#### Goal of the exercise:
Please repeat each line from the one holding "8w9收藏分,538皮肤,皇" through the final line of the data, exactly as it stands, with no pictures.
== Supplied material ==
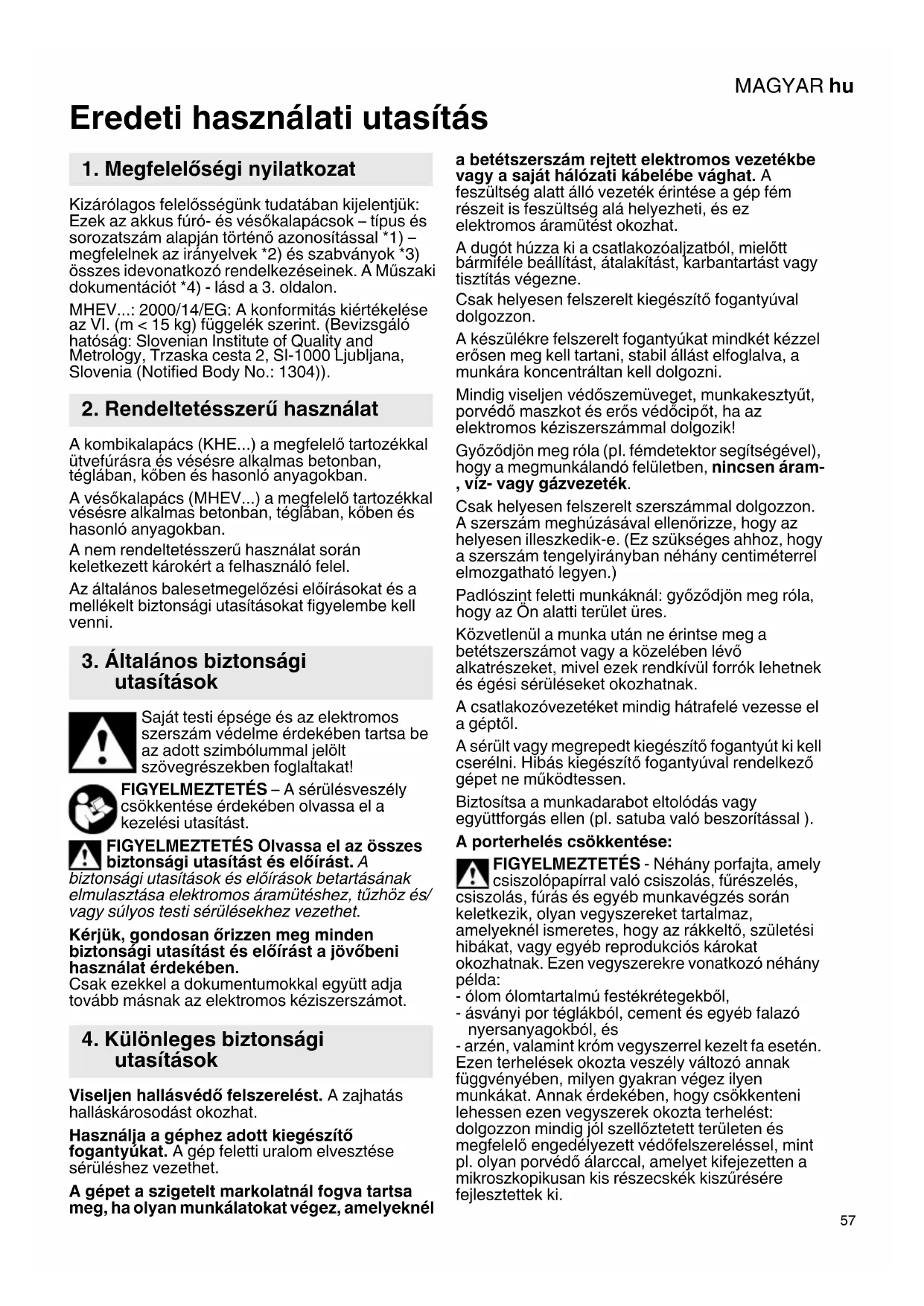 Eredeti használati utasítás Kizárólagos felelősségünk tudatában kijelentjük: Ezek az akkus fúró- és vésőkalapácsok – típus és sorozatszám alapján történő azonosítással *1) – megfelelnek az irányelvek *2) és szabványok *3) összes idevonatkozó rendelkezéseinek. A Műszaki dokumentációt *4) - lásd a 3. oldalon. MHEV...: 2000/14/EG: A konformitás kiértékelése az VI. (m < 15 kg) függelék szerint. (Bevizsgáló hatóság: Slovenian Institute of Quality and Metrology, Trzaska cesta 2, SI-1000 Ljubljana, Slovenia (Notified Body No.: 1304)). A kombikalapács (KHE...) a megfelelő tartozékkal ütvefúrásra és vésésre alkalmas betonban, téglában, kőben és hasonló anyagokban. A vésőkalapács (MHEV...) a megfelelő tartozékkal vésésre alkalmas betonban, téglában, kőben és hasonló anyagokban. A nem rendeltetésszerű használat során keletkezett károkért a felhasználó felel. Az általános balesetmegelőzési előírásokat és a mellékelt biztonsági utasításokat figyelembe kell venni. Saját testi épsége és az elektromos szerszám védelme érdekében tartsa be az adott szimbólummal jelölt szövegrészekben foglaltakat! FIGYELMEZTETÉS – A sérülésveszély csökkentése érdekében olvassa el a kezelési utasítást. FIGYELMEZTETÉS Olvassa el az összes biztonsági utasítást és előírást. A biztonsági utasítások és előírások betartásának elmulasztása elektromos áramütéshez, tűzhöz és/ vagy súlyos testi sérülésekhez vezethet. Kérjük, gondosan őrizzen meg minden biztonsági utasítást és előírást a jövőbeni használat érdekében. Csak ezekkel a dokumentumokkal együtt adja tovább másnak az elektromos kéziszerszámot. Viseljen hallásvédő felszerelést. A zajhatás halláskárosodást okozhat. Használja a géphez adott kiegészítő fogantyúkat. A gép feletti uralom elvesztése sérüléshez vezethet. A gépet a szigetelt markolatnál fogva tartsa meg, ha olyan munkálatokat végez, amelyeknél a betétszerszám rejtett elektromos vezetékbe vagy a saját hálózati kábelébe vághat. A feszültség alatt álló vezeték érintése a gép fém részeit is feszültség alá helyezheti, és ez elektromos áramütést okozhat. A dugót húzza ki a csatlakozóaljzatból, mielőtt bármiféle beállítást, átalakítást, karbantartást vagy tisztítás végezne. Csak helyesen felszerelt kiegészít ő fogantyúval dolgozzon. A készülékre felszerelt fogantyúkat mindkét kézzel erősen meg kell tartani, stabil állást elfoglalva, a munkára koncentráltan kell dolgozni. Mindig viseljen védőszemüveget, munkakesztyűt, porvédő maszkot és erős védőcipőt, ha az elektromos kéziszerszámmal dolgozik! Győződjön meg róla (pl. fémdetektor segítségével), hogy a megmunkálandó felületben, nincsen áram- , víz- vagy gázvezeték. Csak helyesen felszerelt szerszámmal dolgozzon. A szerszám meghúzásával ellenőrizze, hogy az helyesen illeszkedik-e. (Ez szükséges ahhoz, hogy a szerszám tengelyirányban néhány centiméterrel elmozgatható legyen.) Padlószint feletti munkáknál: győződjön meg róla, hogy az Ön alatti terület üres. Közvetlenül a munka után ne érintse meg a betétszerszámot vagy a közelében lévő alkatrészeket, mivel ezek rendkívül forrók lehetnek és égési sérüléseket okozhatnak. A csatlakozóvezetéket mindig hátrafelé vezesse el a géptől. A sérült vagy megrepedt kiegészítő fogantyút ki kell cserélni. Hibás kiegészítő fogantyúval rendelkező gépet ne működtessen. Biztosítsa a munkadarabot eltolódás vagy együttforgás ellen (pl. satuba való beszorítással ). A porterhelés csökkentése: FIGYELMEZTETÉS - Néhány porfajta, amely csiszolópapírral való csiszolás, fűrészelés, csiszolás, fúrás és egyéb munkavégzés során keletkezik, olyan vegyszereket tartalmaz, amelyeknél ismeretes, hogy az rákkeltő, születési hibákat, vagy egyéb reprodukciós károkat okozhatnak. Ezen vegyszerekre vonatkozó néhány példa: - ólom ólomtartalmú festékrétegekből, - ásványi por téglákból, cement és egyéb falazó nyersanyagokból, és - arzén, valamint króm vegyszerrel kezelt fa esetén. Ezen terhelések okozta veszély változó annak függvényében, milyen gyakran végez ilyen munkákat. Annak érdekében, hogy csökkenteni lehessen ezen vegyszerek okozta terhelést: dolgozzon mindig jól szellőztetett területen és megfelelő engedélyezett védőfelszereléssel, mint pl. olyan porvédő álarccal, amelyet kifejezetten a mikroszkopikusan kis részecskék kiszűrésére fejlesztettek ki.
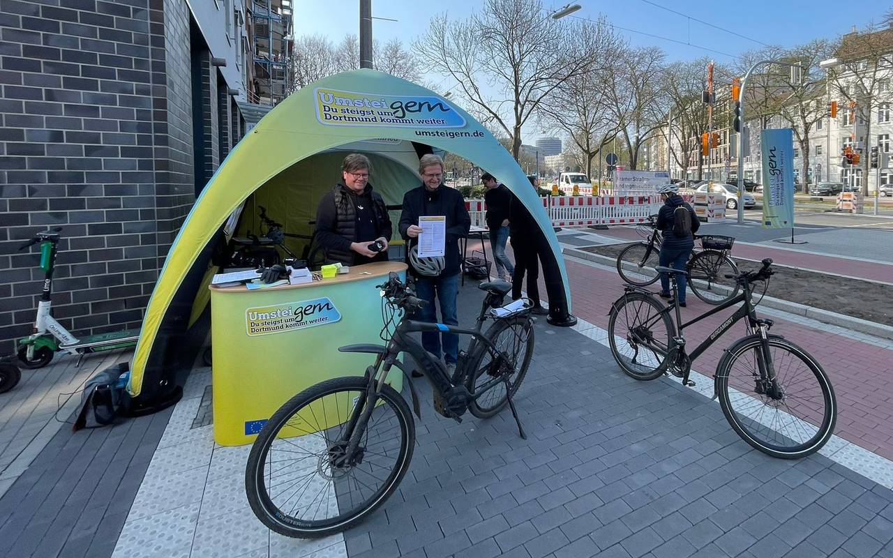 An der Ecke Ostwall / Arndstraße hat die Kampagne "Umsteigern" ein Zelt aufgebaut, fachkundiges Personal überprüft dort die Bremsen, das Licht, die Federung und einiges mehr. Der Standort direkt am neuen Radwall wurde bewusst gewählt, sagte Planungsdezernent Ludger Wilde.
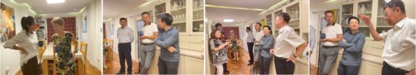 10日下午,朱校长及全家来到学术院的院士之家,受到了热情的接待。以下照片自左至右、自上而下分别是:我对当天的活动进行了简单介绍;朱校长向学术院赠送了礼品。他表示,这是天津杨柳青的“莲年有余”年画【注释2】,愿它为全球中国学术院带来美好的祝愿。接着,赵可金教授分别向我和学术院信托会前主席、环球世纪出版社社长Ingrid Cranfield 赠送了小礼品。
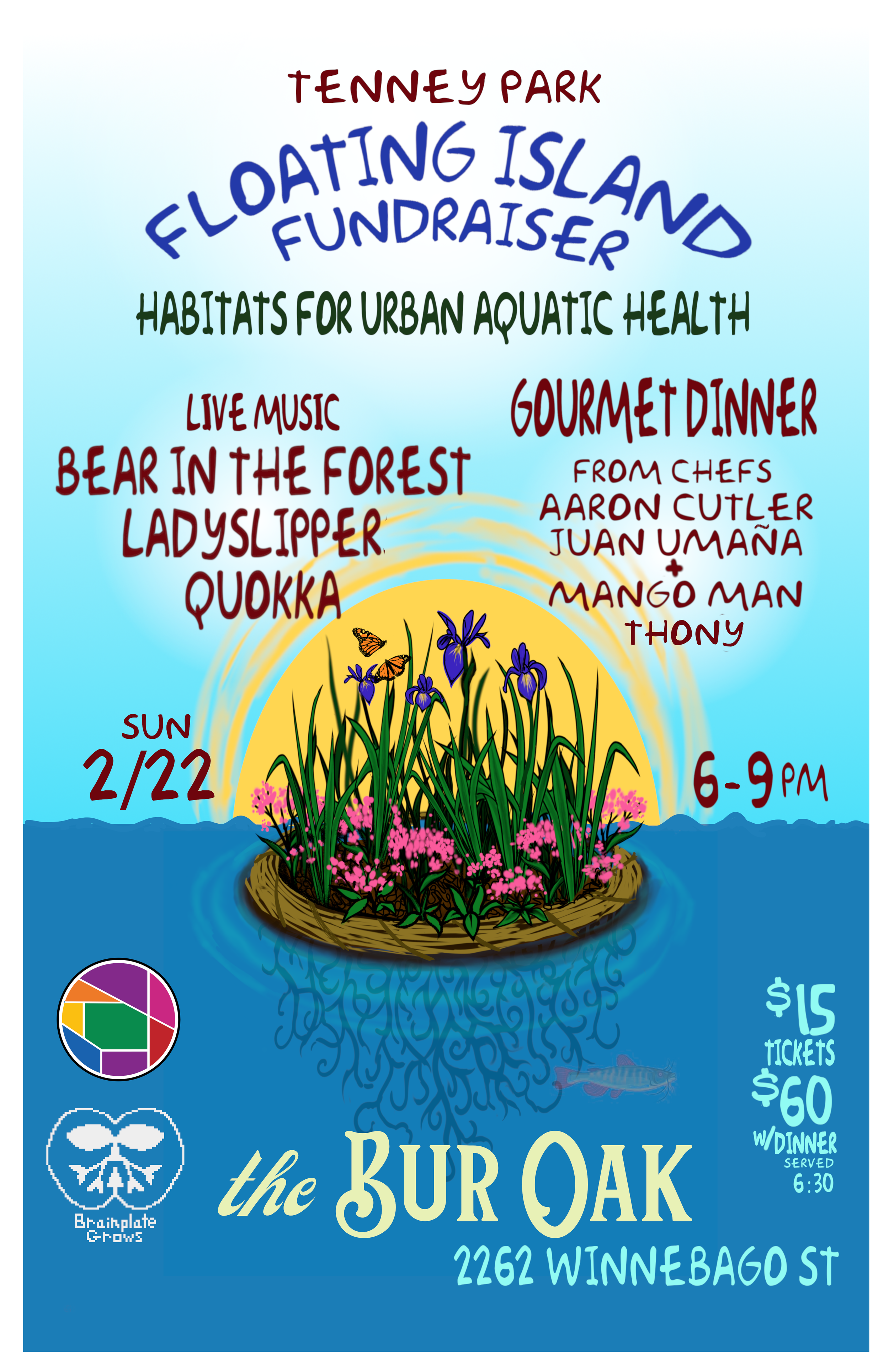 Help us bring a floating island to Tenney Park lagoon this spring by attending dinner and a show. Our Floating Island Fundraiser and Silent Auction will feature music by Bear in the Forest, Ladyslippers, and Quokka. A highlight of the evening will be a unique gourmet meal by chefs Juan Umana of Vengan Pa’ka, Aaron Cutler, and Mango Man Thony Clarke.
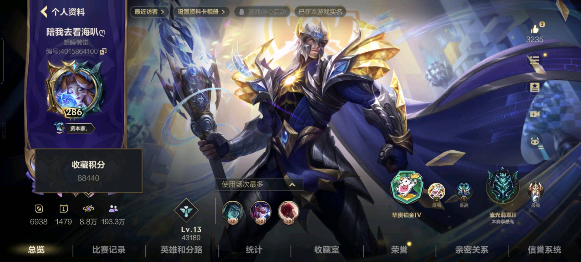 8w9收藏分,538皮肤,皇子冠军皮有炫彩,豹女新皮肤,灵魂莲华系列几乎全,水晶玫瑰:卡莎艾希吸血鬼佛耶戈至臻格温。6个神话皮。排位娱乐随便玩,如果强制下线了,等15分钟就好了。号里东西别动,谢谢!
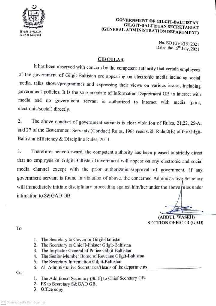 گلگت بلتستان حکومت نے سرکاری ملازمین کے متعلق پرنٹ، الیکٹرونک اور سوشل میڈیا پر آنے کے حوالے سے ایک نوٹیفکیشن جاری کیا۔ اور میڈیا میں اپنے خیالات و افکار کے اظہار پر پابندی عائد کر دی۔مختلف اہل علم نے اس پر اپنے خیالات و خدشات کا اظہار کیا۔
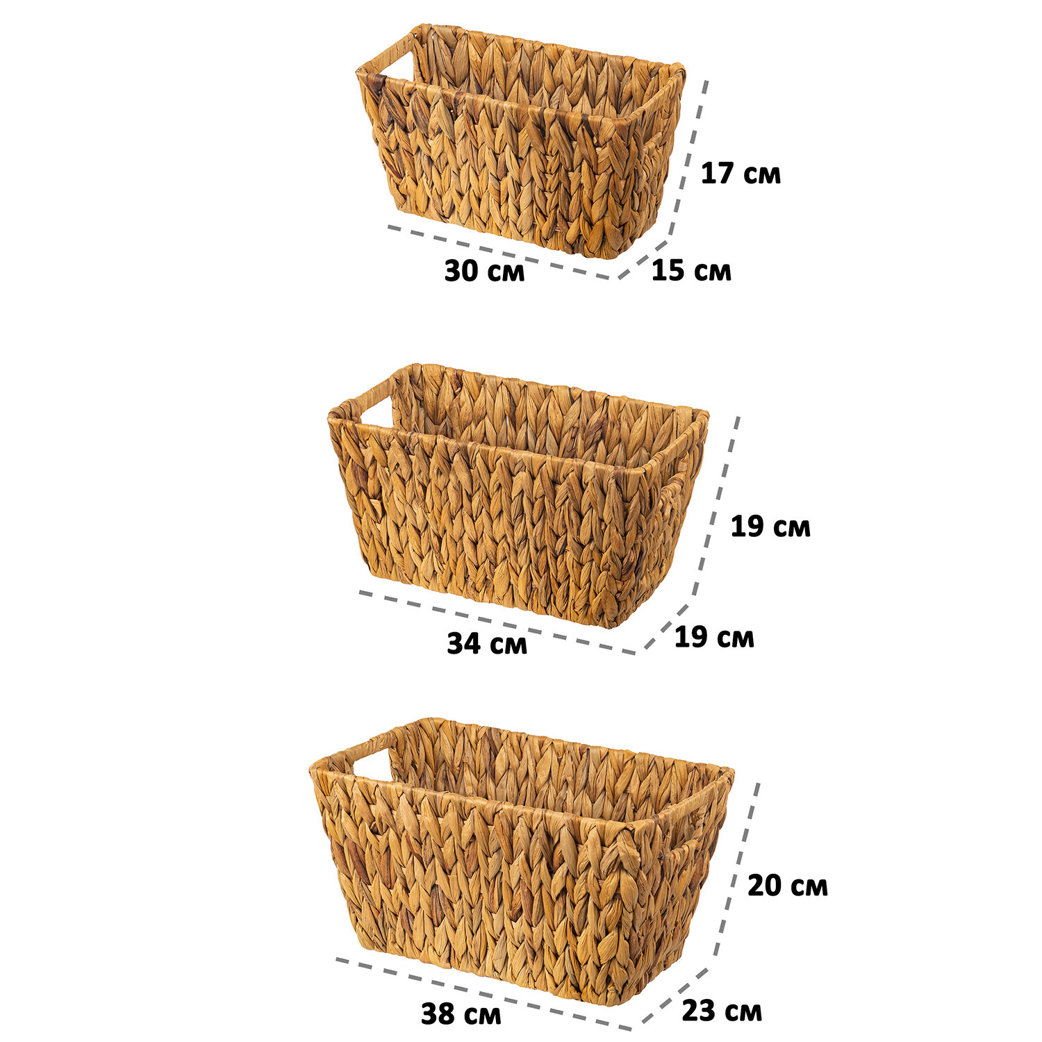 | Дополнительная информация | Набор 3 плетеных корзинок 38*23*20 см с ручками, 1 корзинка - 38*23*20 см, 1 корзинка - 34*19*19 см, 1 корзинка - 30*15*17 см |
===
#### Result of the task:
 8w9收藏分,538皮肤,皇子冠军皮有炫彩,豹女新皮肤,灵魂莲华系列几乎全,水晶玫瑰:卡莎艾希吸血鬼佛耶戈至臻格温。6个神话皮。排位娱乐随便玩,如果强制下线了,等15分钟就好了。号里东西别动,谢谢!
 گلگت بلتستان حکومت نے سرکاری ملازمین کے متعلق پرنٹ، الیکٹرونک اور سوشل میڈیا پر آنے کے حوالے سے ایک نوٹیفکیشن جاری کیا۔ اور میڈیا میں اپنے خیالات و افکار کے اظہار پر پابندی عائد کر دی۔مختلف اہل علم نے اس پر اپنے خیالات و خدشات کا اظہار کیا۔
 | Дополнительная информация | Набор 3 плетеных корзинок 38*23*20 см с ручками, 1 корзинка - 38*23*20 см, 1 корзинка - 34*19*19 см, 1 корзинка - 30*15*17 см |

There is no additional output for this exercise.